* What this task involves
Everything in the entries except the pictures should be repeated exactly.
___ Data for processing ___
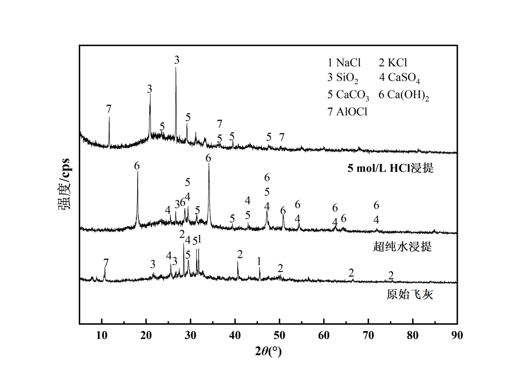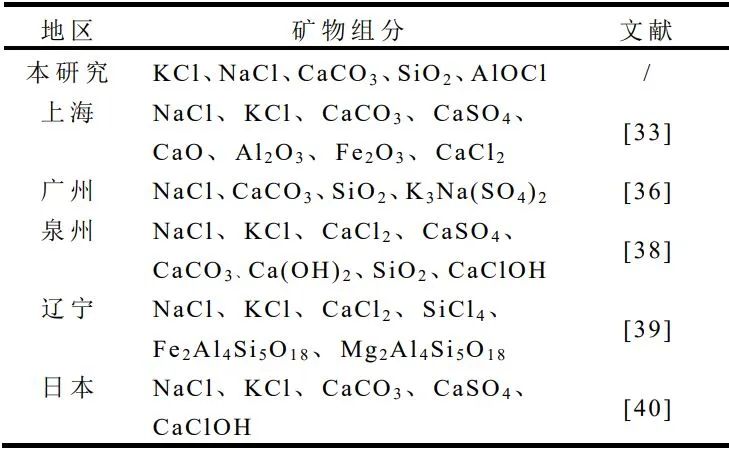 與不同地區(qū)飛灰礦物相組分對(duì)比,由表3可知,不同地區(qū)飛灰均含有碳酸鹽和硅酸鹽,且含有NaCl、KCl等可溶性氯鹽,Na、K元素來源于餐飲中食鹽等調(diào)味料的添加,高含量Cl-來源于爐排爐高溫焚燒下無機(jī)氯鹽的揮發(fā)以及垃圾成分中的廚余垃圾、塑料制品。相較于其他地區(qū),本研究還檢測到不溶氯AlOCl組分,可能是由于飛灰中Al2O3與焚燒煙氣中的酸性氣體反應(yīng)生成。
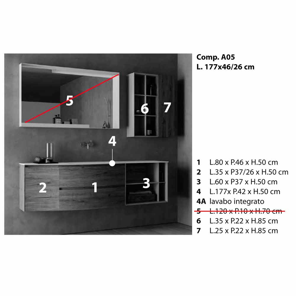 Die Besonderheit dieser Zusammensetzung wird durch das eingebaute Waschbecken gegeben, das durch zwei seitliche Seiten gekennzeichnet ist, die sanft zum Becken hin abfallen.
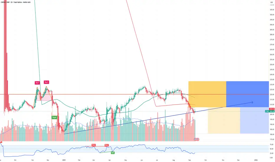 Analyzing the options chain and the chart patterns of CTAS Cintas Corporation prior to the earnings report next week,
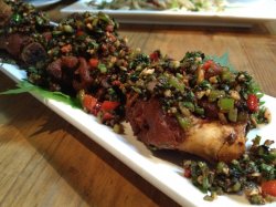 开在胡同里的一家主题餐厅。还未进餐馆,先望见一片绿油油的草坪,给人很清新的感觉。夏天在室外进餐是不错的选择。听说这里还经常会举办草坪婚礼。餐厅里放着音乐,环境也不错,透过玻璃看着外面的草坪,心情大好。这家菜主打贵州菜+东南亚菜,这次主要尝试的是贵州菜,感觉还不错。西南金牌猪手是先蒸后烤的,味道很不错,猪手很有嚼劲。鸡汤豌豆尖也挺鲜的。另外,她家送的冰粉味道也不错,酸甜可口。查看更多
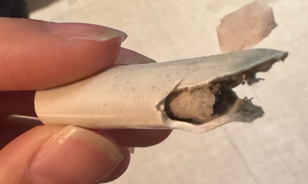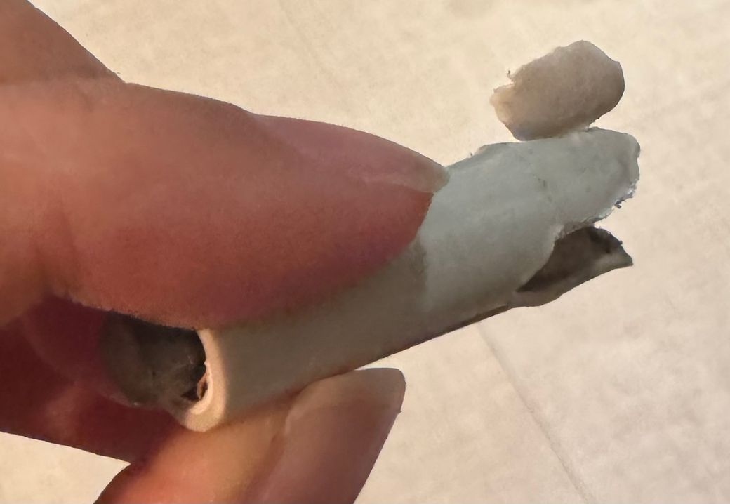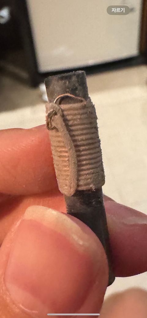 가운에서 사진과 같은 물건을 발견했는데 뭔지를 모르겠네요. 원래는 건전지 같은 모양을 하고 있었는데 안을 보니 막대같은게 있었습니다
___
* Output
 與不同地區(qū)飛灰礦物相組分對(duì)比,由表3可知,不同地區(qū)飛灰均含有碳酸鹽和硅酸鹽,且含有NaCl、KCl等可溶性氯鹽,Na、K元素來源于餐飲中食鹽等調(diào)味料的添加,高含量Cl-來源于爐排爐高溫焚燒下無機(jī)氯鹽的揮發(fā)以及垃圾成分中的廚余垃圾、塑料制品。相較于其他地區(qū),本研究還檢測到不溶氯AlOCl組分,可能是由于飛灰中Al2O3與焚燒煙氣中的酸性氣體反應(yīng)生成。
 Die Besonderheit dieser Zusammensetzung wird durch das eingebaute Waschbecken gegeben, das durch zwei seitliche Seiten gekennzeichnet ist, die sanft zum Becken hin abfallen.
 Analyzing the options chain and the chart patterns of CTAS Cintas Corporation prior to the earnings report next week,
 开在胡同里的一家主题餐厅。还未进餐馆,先望见一片绿油油的草坪,给人很清新的感觉。夏天在室外进餐是不错的选择。听说这里还经常会举办草坪婚礼。餐厅里放着音乐,环境也不错,透过玻璃看着外面的草坪,心情大好。这家菜主打贵州菜+东南亚菜,这次主要尝试的是贵州菜,感觉还不错。西南金牌猪手是先蒸后烤的,味道很不错,猪手很有嚼劲。鸡汤豌豆尖也挺鲜的。另外,她家送的冰粉味道也不错,酸甜可口。查看更多
 가운에서 사진과 같은 물건을 발견했는데 뭔지를 모르겠네요. 원래는 건전지 같은 모양을 하고 있었는데 안을 보니 막대같은게 있었습니다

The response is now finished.